Public Private Partnerships 2.0

Today’s column in the Age and SMH

Public private partnerships (PPPs) haven’t been such a happy experiment. Using private money to build arterial roads just increases their cost because private capital requires much higher returns than government borrowing.

But I’ve long wondered about a different kind of PPP that plays to the respective strengths of public and private sectors, rather than their weaknesses.

The economic textbook says governments must build public goods because private endeavour can capture only a tiny fraction of their total value to society. But Google, Facebook, Twitter and Wikipedia are all privately provided public goods. What’s going on?

These public goods generate far more social than private benefit, but there’s still enough in it for the creators to make their creation worthwhile. Google probably generates more than $1 trillion worth of value, so advertising revenue of a tiny fraction of that still manages to generate a few lousy tens of billions. Meanwhile, the platform of Wikipedia was philanthropically created, which leverages the voluntary contributions of the expert and energetic few for the benefit of all.

It’s lucky these public goods didn’t need government involvement, because building them required the insight, drive and steadfast purpose of some of the finest entrepreneurs alive. That pretty much rules government out of the job description.

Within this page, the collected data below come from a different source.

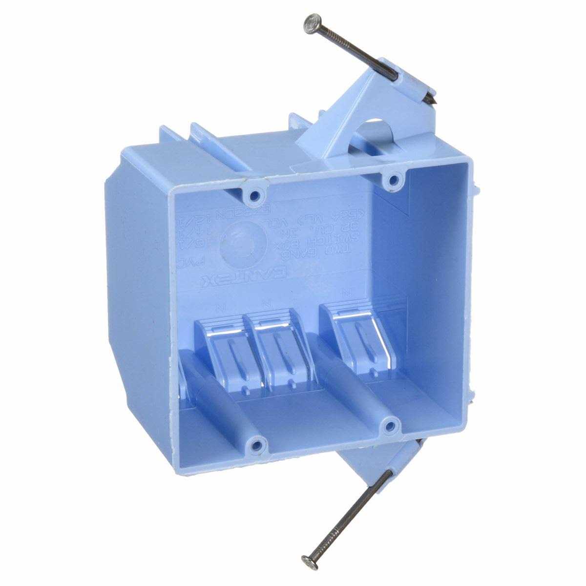 Nails are at an enhanced angle for quick mounting between studs Measures 3.813 Inch x 3.688 Inch Has eight knockouts Cantex EZ Box 2-Gang Residential box is perfect for use on masonry walls. This rectangle box features PVC construction. It has capacity of 32 Cubic-Inch. It is angled nail-on mountable. Residential box is UL listed.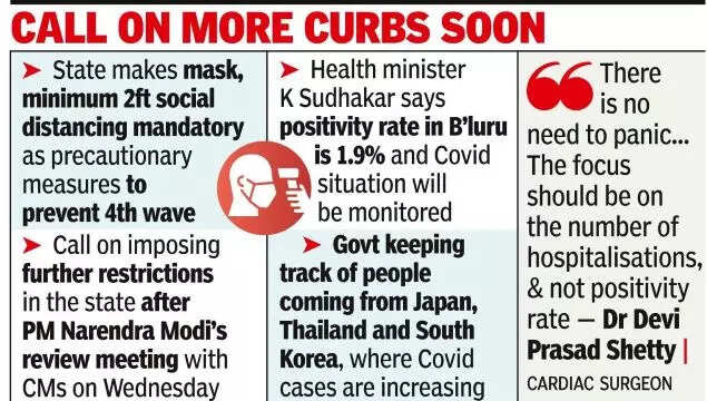 The state will take a call on imposing further curbs after PM Modi's meeting with the CMs of all states on Wednesday. These decisions were made at a meeting chaired by CM Basavaraj Bommai to discuss precautionary measures to be taken to combat the fourth wave of Covid. Health minister K Sudhakar, revenue minister R Ashoka, TAC chief and members attended the meeting.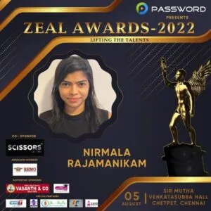 She received the recognition on 5th August at the Zeal Awards 2022 in Chennai, India, for her varied themed of motivating content videos that provided many audiences with insights and realisations that eventually improved their quality of life.

But what about all those potential public goods or platforms that languish undeveloped because there just aren’t the incentives for private entrepreneurs to deliver them without government help? A public-private partnership might bring them into existence.

I’d come to that conclusion by 2009 while participating in the Government 2.0 Taskforce, which explored the implications of ”Web 2.0”, or social media for governments. But it wasn’t until last year until I came upon a really compelling example. At the Health 2.0 Conference in San Francisco I listened to Anne Wojcicki, the wife of Google co-founder Sergey Brin and the co-founder and CEO of 23andMe.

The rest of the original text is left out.